╭─ THE DATA
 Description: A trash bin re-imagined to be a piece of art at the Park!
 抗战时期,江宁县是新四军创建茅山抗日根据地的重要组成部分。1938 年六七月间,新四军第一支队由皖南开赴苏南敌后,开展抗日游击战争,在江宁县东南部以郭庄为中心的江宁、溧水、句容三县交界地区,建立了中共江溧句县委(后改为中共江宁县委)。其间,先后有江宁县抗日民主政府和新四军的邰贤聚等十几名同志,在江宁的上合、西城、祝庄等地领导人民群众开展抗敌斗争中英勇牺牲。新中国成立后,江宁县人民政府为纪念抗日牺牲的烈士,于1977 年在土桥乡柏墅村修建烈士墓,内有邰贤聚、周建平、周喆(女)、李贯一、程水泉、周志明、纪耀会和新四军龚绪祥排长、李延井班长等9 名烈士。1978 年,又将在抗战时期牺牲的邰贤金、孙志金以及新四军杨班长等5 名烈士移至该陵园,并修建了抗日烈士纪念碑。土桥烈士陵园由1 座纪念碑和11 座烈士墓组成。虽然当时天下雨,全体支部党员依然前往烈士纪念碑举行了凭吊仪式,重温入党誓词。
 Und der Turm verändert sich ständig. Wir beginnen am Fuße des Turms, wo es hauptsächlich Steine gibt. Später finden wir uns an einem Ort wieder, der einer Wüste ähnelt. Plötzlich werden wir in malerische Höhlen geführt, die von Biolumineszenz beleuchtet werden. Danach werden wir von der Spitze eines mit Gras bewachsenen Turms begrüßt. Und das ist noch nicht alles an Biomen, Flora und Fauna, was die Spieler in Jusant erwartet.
╰─
╭─ THE DATA
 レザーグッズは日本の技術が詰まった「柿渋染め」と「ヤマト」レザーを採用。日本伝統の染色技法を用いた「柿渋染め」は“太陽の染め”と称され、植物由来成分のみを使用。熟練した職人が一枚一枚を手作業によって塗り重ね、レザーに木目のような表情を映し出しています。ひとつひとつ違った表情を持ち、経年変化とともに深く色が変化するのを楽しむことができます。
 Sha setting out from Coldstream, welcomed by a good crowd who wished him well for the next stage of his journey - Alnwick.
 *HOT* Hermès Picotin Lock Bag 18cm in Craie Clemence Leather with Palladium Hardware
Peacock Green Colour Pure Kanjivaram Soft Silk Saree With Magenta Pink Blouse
╰─
╭─ THE DATA
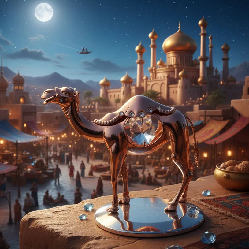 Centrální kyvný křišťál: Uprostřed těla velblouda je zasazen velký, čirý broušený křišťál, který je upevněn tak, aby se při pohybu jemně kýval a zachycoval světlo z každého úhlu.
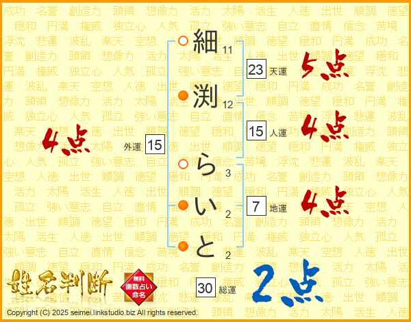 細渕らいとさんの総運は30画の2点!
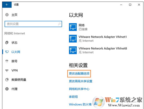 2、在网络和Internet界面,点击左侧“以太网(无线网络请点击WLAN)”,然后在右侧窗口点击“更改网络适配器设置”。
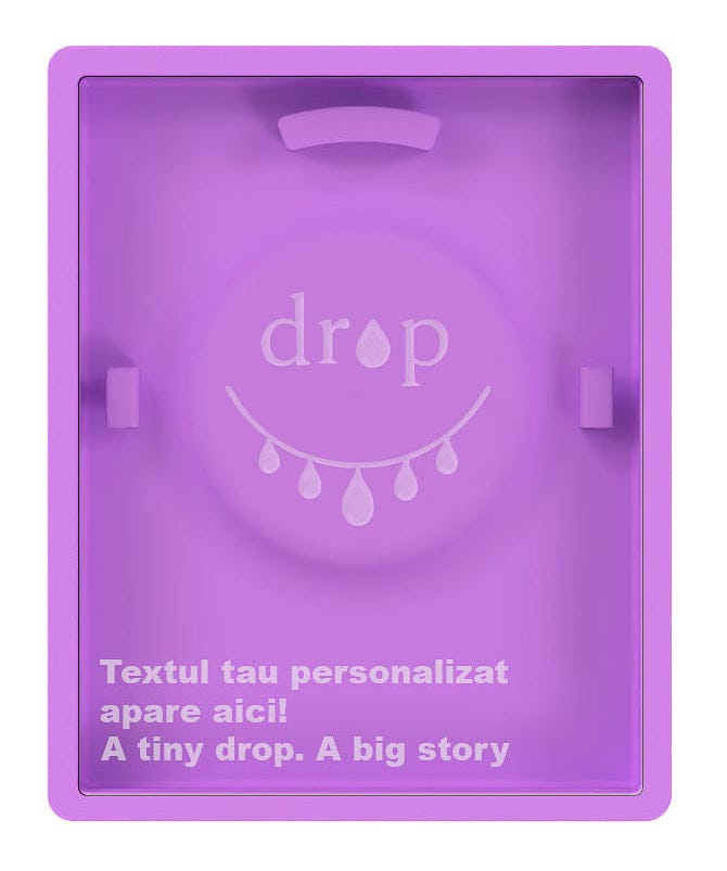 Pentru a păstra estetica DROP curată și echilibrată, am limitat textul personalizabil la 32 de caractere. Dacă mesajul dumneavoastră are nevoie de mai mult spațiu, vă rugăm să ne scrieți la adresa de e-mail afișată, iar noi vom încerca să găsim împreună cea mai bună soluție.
╰─
## WHAT IS BEING ASKED
Reproduce only the lines above, starting at the line with "with Palladium Hardware" and ending at the line with "Peacock Green Colour", exactly as written.

## ANSWER
 *HOT* Hermès Picotin Lock Bag 18cm in Craie Clemence Leather with Palladium Hardware
Peacock Green Colour Pure Kanjivaram Soft Silk Saree With Magenta Pink Blouse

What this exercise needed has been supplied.